The next problem is, how to save this in a database. Integers are obviously easily stored in integer fields. So, is everything solved now? Definitely not. It is absolutely not easy to debug/read integer timestamps in a database using database tools that cannot convert this to something human readable, and many chart tools do not support time-axis with complex conversion to labels like described above. Linux was built for all this, but Windows isn't. When you need to support daylight saving time properly, things get complex on Windows.

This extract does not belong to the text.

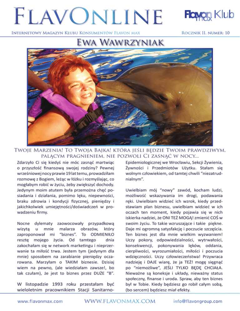 FlavOnline Internetowy Magazyn Klubu Konsumentów Flavon max Rocznik II. numer: 10 Ewa Wawrzyniak Twoje Marzenia! To Twoja Bajka! która jeśli będzie Twoim prawdziwym, palącym pragnieniem, nie pozwoli Ci zasnąć w nocy... Zdarzyło Ci się kiedyś nie móc zasnąć martwiąc o przyszłość finansową swojej rodziny? Pewnej wrześniowej nocy prawie 19 lat temu, prowadziłam rozmowę z Bogiem, leżąc w łóżku i rozmyślając, co mogłabym robić w życiu, żeby zwiększyć dochody. Jedynym moim atutem była przemożna chęć posiadania i działania, pomimo lęku, niepewności, braku zdrowia i kondycji fizycznej, pieniędzy i jakichkolwiek umiejętności/doświadczeń w prowadzeniu firmy. Nocne dylematy zaowocowały przypadkową wizytą u mnie malarza obrazów, który zaproponował mi “biznes”. To ODMIENIŁO resztę mojego życia. Od tamtego dnia zakochałam się w network marketingu i nieprzerwanie ta miłość trwa. Jestem tym (jedynym dla mnie) sposobem na zarabianie pieniędzy oczarowana. Marzyłam o TAKIM biznesie. Dzisiaj wiem na pewno, (ale wiedziałam zawsze!, bo tak czułam), że jest to biznes przez DUŻE “B”. W listopadzie 1993 roku przestałam być wieloletnim pracownikiem Stacji Sanitarno- Epidemiologicznej we Wrocławiu, Sekcji Żywienia, Żywności i Przedmiotów Użytku. Stałam się wolnym człowiekiem, od tamtej chwili “niezatrudnialnym”. Uwielbiam mój “nowy” zawód, kocham ludzi, możliwość wskazywania im drogi, podawania ręki. Uwielbiam widzieć ich wzrok, kiedy przedstawiam plan biznesu, uwielbiam widzieć w ich oczach ten moment, kiedy pojawia się w nich iskierka nadziei, że ONI TEŻ MOGĄ! zmienić COŚ w swoim życiu. To takie wzruszające i takie piękne. Daje mi ogromną satysfakcję i poczucie szczęścia. Ten biznes jest dla mnie wielkim wyzwaniem! Uczy pokory, odpowiedzialności, wytrwałości, konsekwencji, pokonywania lęków, oddania, cierpliwości, wyrozumiałości, miłości i poczucia wdzięczności. Uczy człowieczeństwa! Przywraca nadzieję i DAJE wiarę, że ja TEŻ! mogę sięgnąć po “niemożliwe”, JEŚLI TYLKO BĘDĘ CHCIAŁA. Nieważne są koneksje i układy, nieważny status społeczny, finanse i uroda. Spraw, aby ten biznes był w Tobie. Kiedy będziesz go robił całym sobą, (bo sercem) będziesz miał efekty. www.flavonmax.com www.flavonmax.com [email protected] FlavOnline Służąc innym, dając im najlepszą siebie, każdego dnia, czynię siebie silniejszą i odporniejszą. Staję się źródłem mocy tak bardzo potrzebnej innym i mnie samej:-). Stałam się DIAMENTEM w marcu 2008 roku (jako kobieta! pierwszym w Polsce! i trzecim w kraju po wspaniałych i ukochanych moich sponsorach Zbyszku i Rysiu). To był dla mnie wielki dzień tak bardzo przeze mnie upragniony i wymarzony. Wiedząc jednak, że jeśli nie idziesz do przodu to się cofasz, zrobiłam Diamenta Plusa i dzisiaj spokojnym, pewnym wzrokiem patrzę w kierunku Prezydenta oczywiście, Prezydenta Plus :) Jednak najpiękniejszym dla mnie przywilejem i darem w tym biznesie jest poznawanie LUDZI, wspaniałych, cudownych, tak różnych, możliwość doświadczania ich wzruszeń i emocji, ich sukcesów: zarówno mojej górnej linii sponsorowania jak i linii dolnej. Są wspaniali, wyjątkowi, nieprzeciętni. To moi przyjaciele. Uczę się od nich każdego dnia. Są moją motywacją, inspiracją i natchnieniem. Są moim życiem. Kilku z nich poświęciłam kawał mojego życia. Byłam przy nich, kiedy mnie potrzebowali w radości i smutku, w ciągu dnia, o północy i nad ranem… Pamiętasz chińskie drzewo bambusowe? Pielęgnujesz je z miłością i oddaniem przez długie dni i miesiące, a efekt jest widoczny dopiero po pięciu latach. Ale warto było. Widok jest przepiękny, „drzewo” rośnie z cudowną prędkością, zdrowe i okazałe, piękne. Jestem z nich bardzo dumna. To moje „ukochane dzieci biznesowe”, dzisiaj bardzo samodzielni, wielcy i wspaniali. Piotr jest Diamentem Plusem, Anna Diamentem oboje w drodze do Prezydenta. Mają wspaniałe grupy, czego kochani, serdecznie Wam GRATULUJĘ. Mam oczywiście jeszcze inne „ukochane maluchy” w grupie, które otaczam troskliwą opieką :) wiedząc, że czas działa na ich i moją korzyść. Ja Jestem cierpliwa!! A Ty? Tak się jakoś składa, że jest we mnie ogromna wiara w ludzi. W ich potencjał i w ich możliwości. Widzę w nich więcej niż oni dostrzegają w sobie. Widzę w nich orłów. Uwielbiam patrzeć jak wzrastają jak idą do przodu pomimo przeciwności i zawirowań, które przecież po to są żeby je pokonywać. Kocham ten biznes, kocham Flawon i całą rodzinę Gaalów. Cokolwiek robicie kochani, każdy Wasz gest, przepełniony jest miłością, mądrością i wielkim oddaniem, tak bardzo to czuję i tak bardzo szanuję i cenię. Jest to dla mnie bardzo ważne, bo daje mi poczucie spokoju, bezpieczeństwa i stabilizacji. Emanujecie harmonijnym życiem rodzinnym, co jest wartością nie do przecenienia. Serdecznie Wam dziękuję, żarliwym oddanym sercem, za stworzenie mi możliwości wzrastania w atmosferze zaufania, nadziei, miłości i wiary. Dziękuję również za możliwość realizacji moich marzeń. Moja wyprowadzona w grudniu z salonu BMW-uszka 520 d, czarna i śliczna, zauroczyła mnie swoimi oczkami już w 2006 roku. Nie miałam wtedy pojęcia, w jaki sposób wejdę w jej posiadanie. Cudownym spełnieniem był również mój wyjazd na Karaiby do Cancun, na co czekałam 10 lat, egzotyczne morze, niebo, plaża, przepiękny kurort - przepych i elegancja, czyli to, co uwielbiam. I spotkanie z delfinem. Nigdy tego nie zapomnę, a emocje były tak silne, że flesz uwiecznił przepływającą między nami energię (niektórzy nazywają ją aniołem). Ten maleńki flawonik ma TAKĄ SIŁĘ, że odmienia nasze życie. Proszę Cię, pamiętaj – „Małe rzeczy stają się WIELKIE, dzięki dotykowi miłości i uwielbienia” Kocham całą moją grupę, moich sponsorów i zał

Does Windows provide easy, standardized alternative? Unfortunately, not. That's why we're still struggling with a lot of IT systems that do not support daylight saving time well. However, even if you support it well, you still have the problem of users that may not understand how to handle non-existent and duplicate hours.

6 comments:

Stuart King said...

I have to disagree with you. The Windows API does provide an easy and standard way to handle time. It's simple once you understand the two main different formats that the Windows API uses for time:
1) FILETIME
A 64-bit value representing the number of 100-nanosecond intervals since January 1, 1601 (UTC).

2) SYSTEMTIME

typedef struct _SYSTEMTIME {
WORD wYear;
WORD wMonth;
WORD wDayOfWeek;
WORD wDay;
WORD wHour;
WORD wMinute;
WORD wSecond;
WORD wMilliseconds;
} SYSTEMTIME, *PSYSTEMTIME;

I usually use FILETIME to store UTC times, and I usually use SYSTEMTIME when I want to convert to or from text representation of time values.

I find the Windows API much richer than the POSIX functions (I have used both).

Lex Li said...

This has also been a pain for previous .NET applications and now .NET 4 introduces new architecture.

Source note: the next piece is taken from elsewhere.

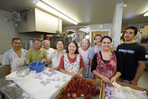 Two Ladies Kitchen in Hilo specializes in mochi and manju (Co-owner, Nora Uchida, center). Photo by Shuzo Uemoto.

If Embarcadero guys can make good use of the relevant Windows API, Delphi and C++Builder developers can also enjoy the new features, right?

Lex Li said...

forgot the link, http://msdn.microsoft.com/en-us/netframework/dd890508.aspx

Lars D said...

@Stuart: Windows does not have enough time zones to support historic dates, so no matter how many UTC conversion functions you find in the Windows API, it simply cannot handle historic timestamps.

Also, many components in Windows default to using the ymdhms method to describe time information. For instance, the default time picker in windows does not support daylight saving time in its API, and therefore you cannot use it to pick any timestamp.

LDS said...

Some databases support timestamp fields with timezone, thereby that's not an issue as long as you can properly convert to/from, and you can still store them as timestamp data. Using a custom encoding will just make more difficult for other applications to access those data.
Anyway, to handle historic data the timestamp itself must record which timezone it was generate from. And another issue is that sometimes daylight saving time begin/end dates have been changed and could be again. To handle historic data an historic table of daylisght saving times for each country has to be kept updated. IIRC NIST has one.

Lars D said...

@LDS: You cannot save historical timestamps by country. Borders move, and even inside the same country, time rules don't stay the same. The best solution that I have seen, is to specify a city name, like America/Indiana/Marengo or America/Indiana/Knox, together with the timestamp. Or, use a timesystem-independent notation.